I would have forgotten the incident except that recently I was getting ready to go for a ride with my son, Jorge. The racing bikes we use have very narrow, very low-profile tires, even skinnier than the ones my dad and I rode on. I was filling them up for both of us. More than 100 pounds of pressure is a lot, and I wasn’t prepared for what happened when one of them let go. It sounded like a gunshot. Jorge and Laura came running into the garage to see what had happened, and their worried looks made me laugh. I couldn’t help it. I pointed to the tire and then said, “I guess I don’t know my own strength.” Laura rolled her eyes and shook her head, then smiled before walking back into the house.

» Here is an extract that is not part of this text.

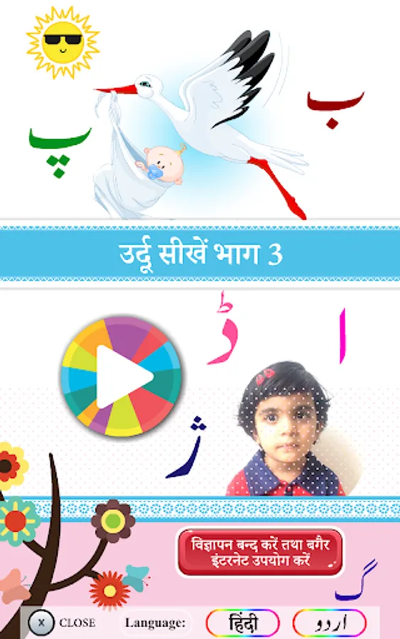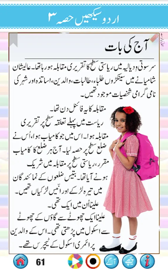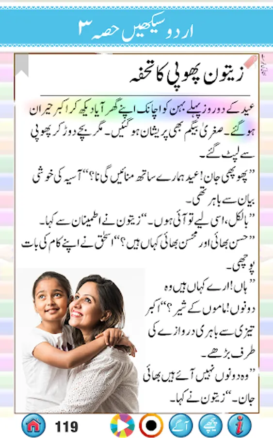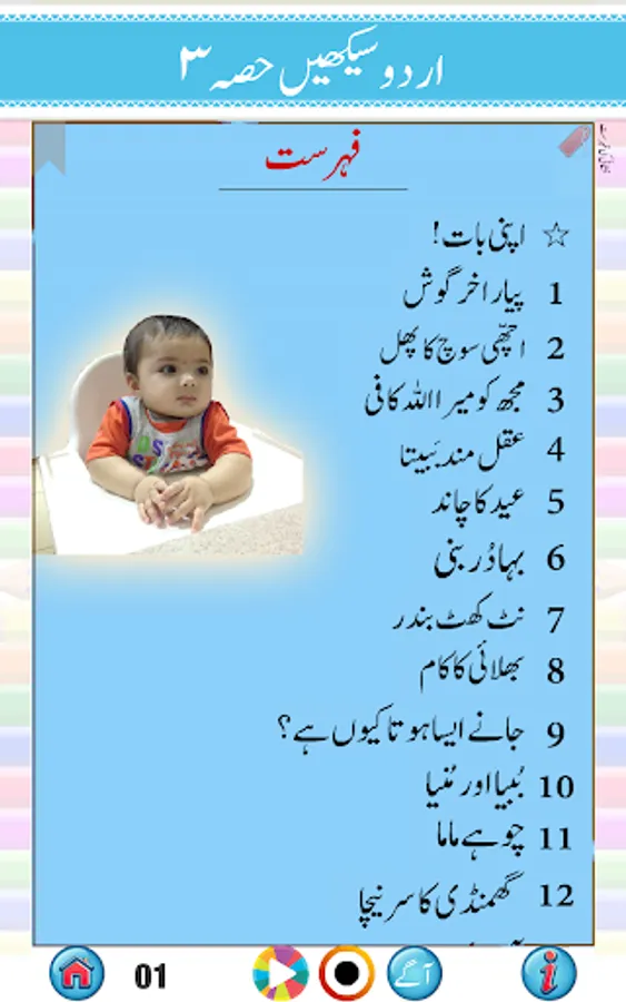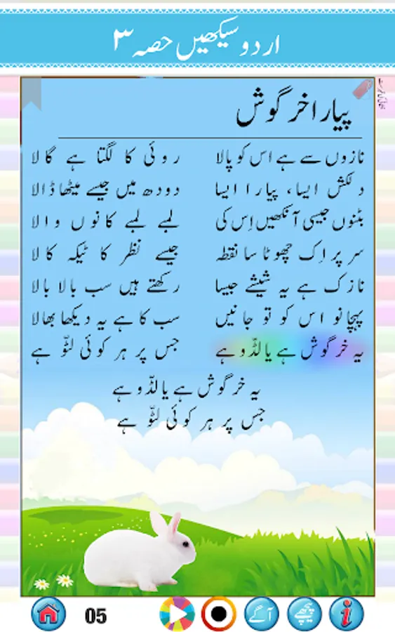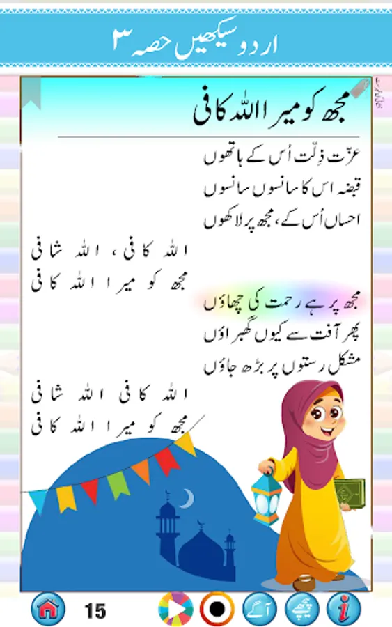 Urdu Qaida Part 3 has poems and stories with audio to learn Urdu reading.

Jorge stuck around, and I showed him how to remove the tire so that we could either replace or repair the tube. I admit that I’m not the most patient person in the world. Waiting in lines, being stuck in traffic—all the little irritants of life get to me. But in working with Jorge, whether it’s with his baseball or teaching him to fix a flat on his bike, I try really hard to be calm, especially when I see in him some of that same impatience I’ve always struggled with. For this reason, it was interesting to sit there in the garage with him and show him how to fix the tire. I was trying to give him the clearest set of instructions I could about how to remove the tire from the rim, but I could see him getting frustrated with me. Finally, tutorial incomplete, I said, “Here, just try it.” I told him that he had to learn to do this himself, especially if it happened out on the road when I wasn’t around.